Extracted entries Block Start

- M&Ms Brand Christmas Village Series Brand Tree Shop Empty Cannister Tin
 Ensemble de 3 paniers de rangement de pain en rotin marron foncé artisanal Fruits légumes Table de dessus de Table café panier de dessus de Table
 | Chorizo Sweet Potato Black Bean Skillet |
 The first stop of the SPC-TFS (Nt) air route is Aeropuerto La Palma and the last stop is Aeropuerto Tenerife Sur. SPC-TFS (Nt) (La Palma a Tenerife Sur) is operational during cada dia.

Extracted entries Block End
Extracted entries Block Start

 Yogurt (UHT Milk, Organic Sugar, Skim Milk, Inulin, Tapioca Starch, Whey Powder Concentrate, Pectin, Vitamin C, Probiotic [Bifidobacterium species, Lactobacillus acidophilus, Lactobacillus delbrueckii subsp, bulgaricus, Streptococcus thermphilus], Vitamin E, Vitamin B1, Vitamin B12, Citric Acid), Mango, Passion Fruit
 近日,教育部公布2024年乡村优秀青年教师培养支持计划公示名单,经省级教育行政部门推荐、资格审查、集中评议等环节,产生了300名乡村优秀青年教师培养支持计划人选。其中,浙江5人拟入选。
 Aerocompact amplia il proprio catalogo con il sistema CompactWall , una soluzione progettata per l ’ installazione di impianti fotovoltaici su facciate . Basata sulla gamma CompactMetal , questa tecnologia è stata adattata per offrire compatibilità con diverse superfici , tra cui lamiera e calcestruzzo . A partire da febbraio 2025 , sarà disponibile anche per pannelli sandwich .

Extracted entries Block End

> **Goal of the exercise**
There is a line with "- M&Ms Brand" and a line with "The first stop" above. Copy exactly those two lines and all lines between them, with nothing else.

> **Task answer**
- M&Ms Brand Christmas Village Series Brand Tree Shop Empty Cannister Tin
 Ensemble de 3 paniers de rangement de pain en rotin marron foncé artisanal Fruits légumes Table de dessus de Table café panier de dessus de Table
 | Chorizo Sweet Potato Black Bean Skillet |
 The first stop of the SPC-TFS (Nt) air route is Aeropuerto La Palma and the last stop is Aeropuerto Tenerife Sur. SPC-TFS (Nt) (La Palma a Tenerife Sur) is operational during cada dia.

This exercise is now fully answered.